[[ COLLECTED DATA open ]]

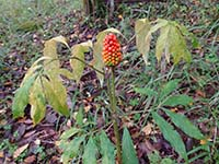 森の中で一際目を引くものがあります。朱色のトウモロコシのようにも見えます。マムシグサの仲間の実です。この植物はコンニャクやサトイモの仲間ですが、栄養状態によって雄株から雌株、または雌株から雄株へと性転換するらしいです。
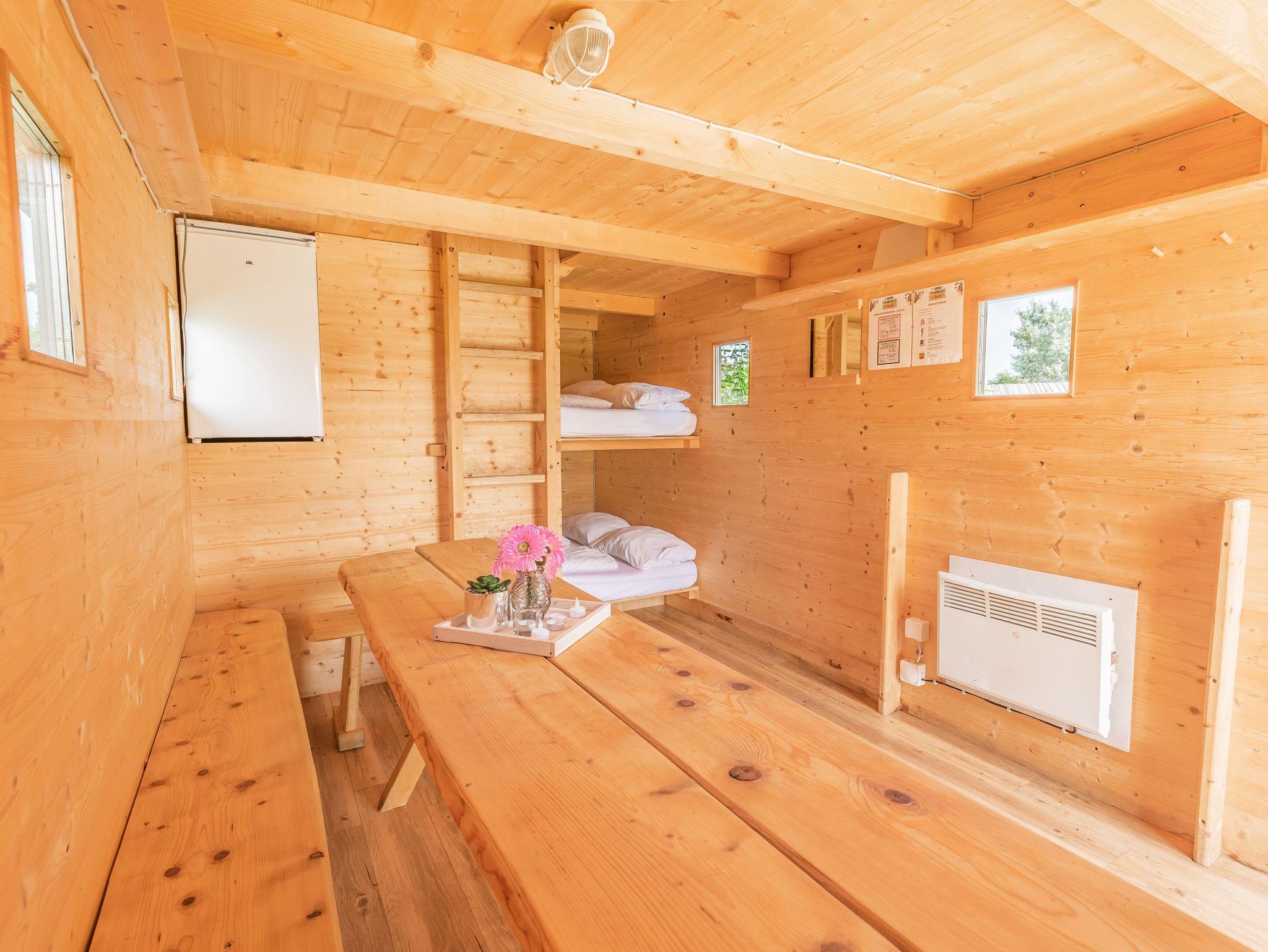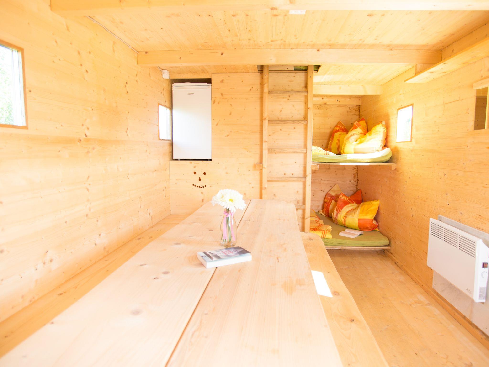 Die Holzhütten gibt es in drei verschiedenen Größen und sie sind alle mit Bettwäsche, Heizung und Kühlschrank ausgestattet. Jeder Wohnbereich ist mit einer kleinen gemütlichen, heimisch hergestellten Sitzecke eingerichtet. Frühstück kann auf Wunsch bestellt werden.
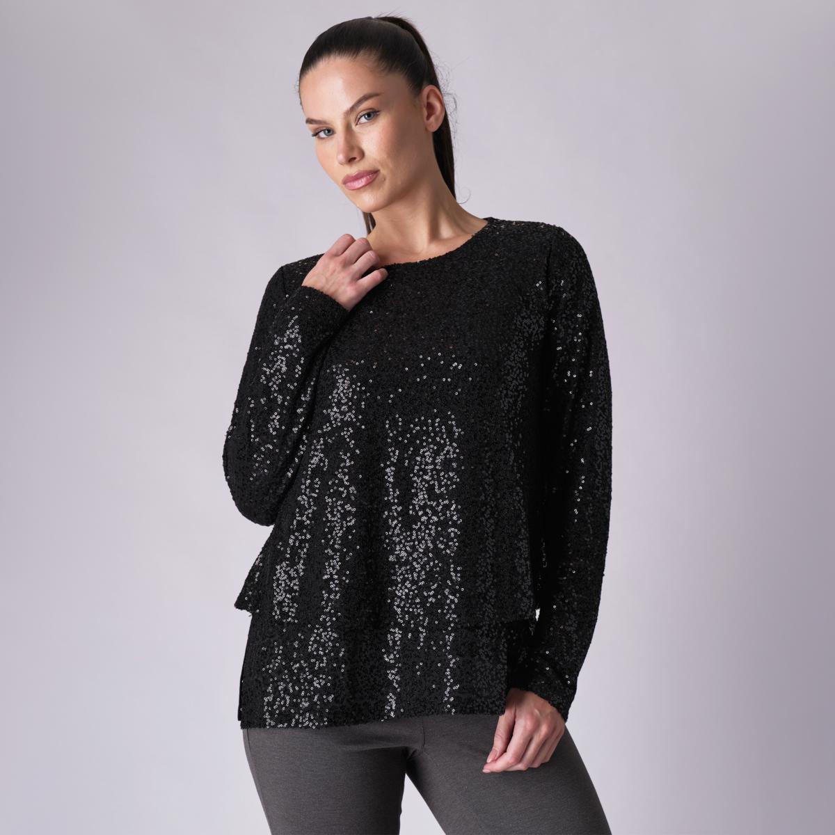 Shine bright in this effortlessly chic top featuring a double-layered front with dazzling sequin fabric and a comfortable knit back. Perfect for holiday parties or a night out, it offers a flattering fit with side slits for ease of movement. Pair it with your favorite jeans or dress pants for instant glam.
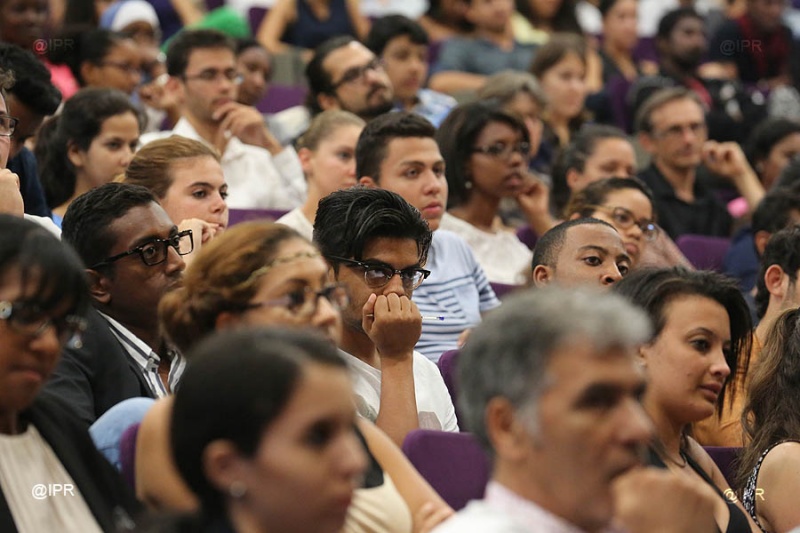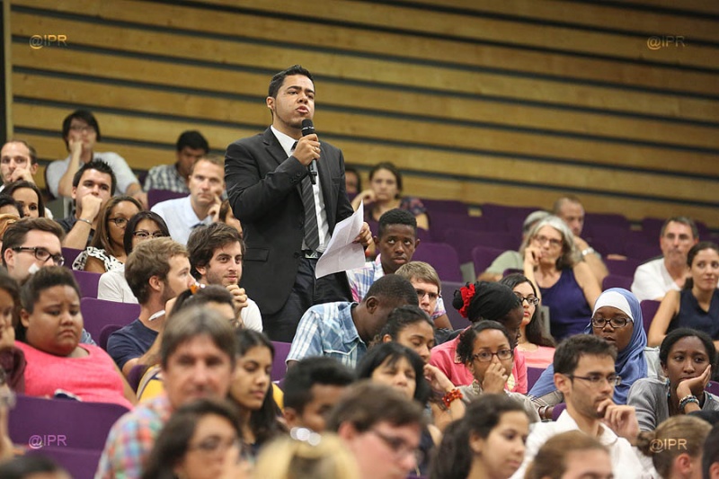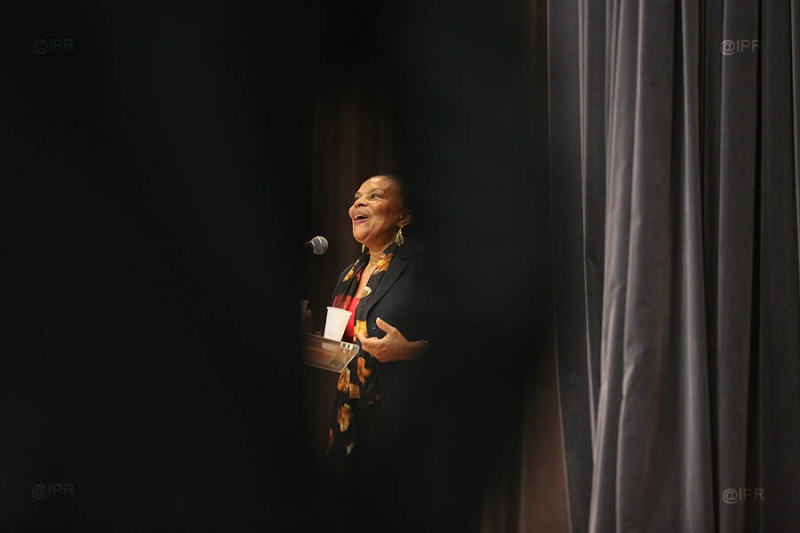 Après une longue matinée passée au tribunal de grande instance de Saint-Denis à tenter de répondre aux interrogations judiciaires des uns et des autres, après la défense de sa réforme de la "justice du XXIème siècle", après ses visites dans un foyer d'action éducative de la protection judiciaire de la jeunesse puis dans un centre d’accueil pour les femmes victimes de violences conjugales, Christiane Taubira s'autorise une "petite parenthèse dans un programme rude", selon ses mots, à savoir une "rencontre libre" avec les étudiants de l’université de Saint-Denis.

[[ COLLECTED DATA closed ]]

— EXERCISE —
Drop the images and return the data verbatim.

— EXERCISE SOLUTION —
 森の中で一際目を引くものがあります。朱色のトウモロコシのようにも見えます。マムシグサの仲間の実です。この植物はコンニャクやサトイモの仲間ですが、栄養状態によって雄株から雌株、または雌株から雄株へと性転換するらしいです。
 Die Holzhütten gibt es in drei verschiedenen Größen und sie sind alle mit Bettwäsche, Heizung und Kühlschrank ausgestattet. Jeder Wohnbereich ist mit einer kleinen gemütlichen, heimisch hergestellten Sitzecke eingerichtet. Frühstück kann auf Wunsch bestellt werden.
 Shine bright in this effortlessly chic top featuring a double-layered front with dazzling sequin fabric and a comfortable knit back. Perfect for holiday parties or a night out, it offers a flattering fit with side slits for ease of movement. Pair it with your favorite jeans or dress pants for instant glam.
 Après une longue matinée passée au tribunal de grande instance de Saint-Denis à tenter de répondre aux interrogations judiciaires des uns et des autres, après la défense de sa réforme de la "justice du XXIème siècle", après ses visites dans un foyer d'action éducative de la protection judiciaire de la jeunesse puis dans un centre d’accueil pour les femmes victimes de violences conjugales, Christiane Taubira s'autorise une "petite parenthèse dans un programme rude", selon ses mots, à savoir une "rencontre libre" avec les étudiants de l’université de Saint-Denis.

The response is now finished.